Conceptual Art and Minimalism of the 1960s discovered in language a means of diverting focus away from the formal art object. If art were made of words it could double as a set of instructions for an experience beyond its verbal form. This led to a recognition that language itself had become the true locus of the work. For artists it constituted an unspoiled medium, free of the aesthetic distinctions that had become moribund in purely visual work. Words could be functional purveyors of ideas, or generic objects, rather than signifiers inflected by a traditional literary culture. Transplanted into an art context, they seemed detachable from their historical baggage. At a time when artists were seeking to escape the rarefied aesthetics of 1960s formalism and go for greater objectivity, the medium of language made the fine distinctions of abstract art look hopelessly subjective.

If Conceptual Art tended to favour philosophical, scientific, technical or legal vocabularies for its purposes, Minimalism was more congruent with contemporary literature--particularly poetry--drawing it into an unfamiliar gravitational field where none of the usual rules applied. With his famous imagist encapsulation from 1944, 'No Ideas but in Things', William Carlos Williams meant 'things' as verbal images of irreducible particularity, but the phrase happens to serve just as well as an all-purpose definition of Minimalism.
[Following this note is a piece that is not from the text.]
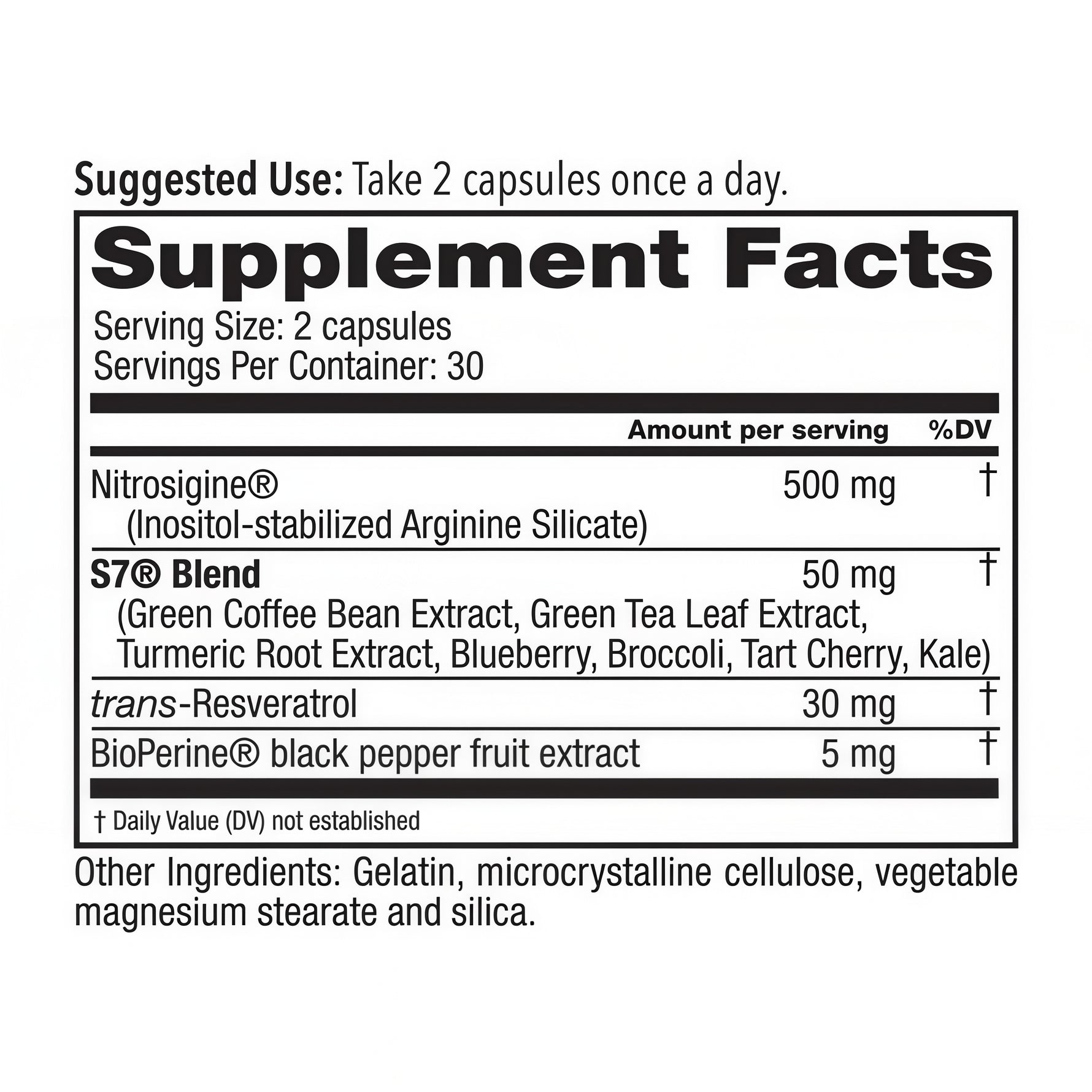 S7 is a plant-based complex of 7 nutrient-rich botanicals clinically shown to ignite your body's own nitric oxide system.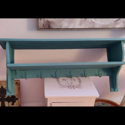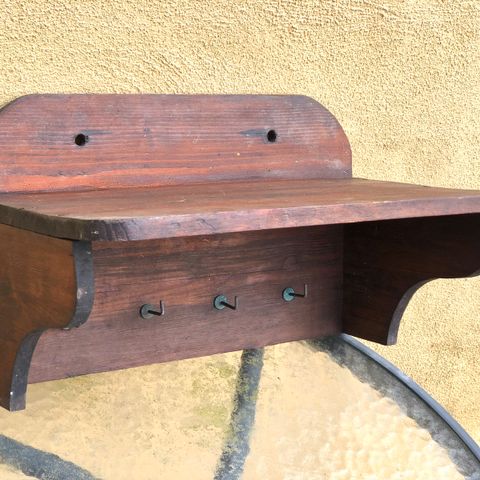 Sødeste hatte hylde med knager og bar. Fantastik til entréen, børneværelset, sommerhuset mm. Hvad jeg kan se er det massiv fyrretræ.

In a serendipitous meeting of cultures, Robert Smithson was a child patient when Williams worked as a doctor in the small town of Rutherford, New Jersey.
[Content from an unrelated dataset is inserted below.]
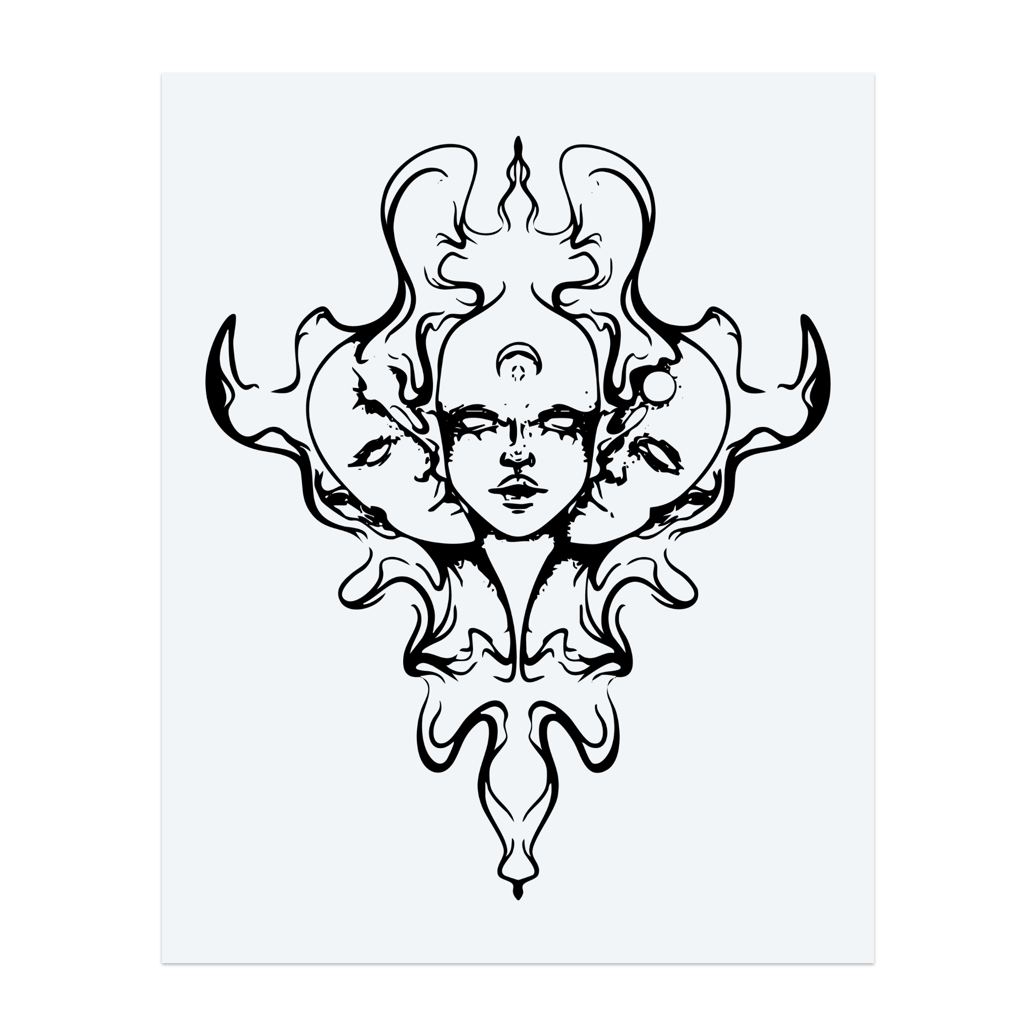 A blackwork tattoo of three faces—one in the center with a crescent moon, and two on the sides. Flowing shapes surround them, telling a story of balance, mystery, and the magic of night and dreams.

Poets, meanwhile, found the use of language in 1960s Conceptual Art and Minimalism liberating. Entrenched in the endless implications and imperatives of their literary traditions, the promise of a tabula rasa, a clearing in which language could be made innocent again, seemed seductive, at least in theory. In practice, aside from the relatively marginal US language school of poetry, experiments with isolating words from their literary culture were brief and mostly led to a quick return to the richer possibilities of being assimilated by it. The poet John Ashbery's work, for example, has always involved disorientations of sense and subjectivity, but his second collection, The Tennis Court Oath, 1962, took fragmentation and cut-up techniques to an experimental extreme that he never returned to, and later partly disowned. It was his one retreat from a poetry that accepts its place within the literary tradition. Similarly, for visual artists, the limits of a page soon came to feel constricting. In the 1960s and 70s, where art and literature cross into each other's territory, they are like words from different languages that sound alike but have different meanings.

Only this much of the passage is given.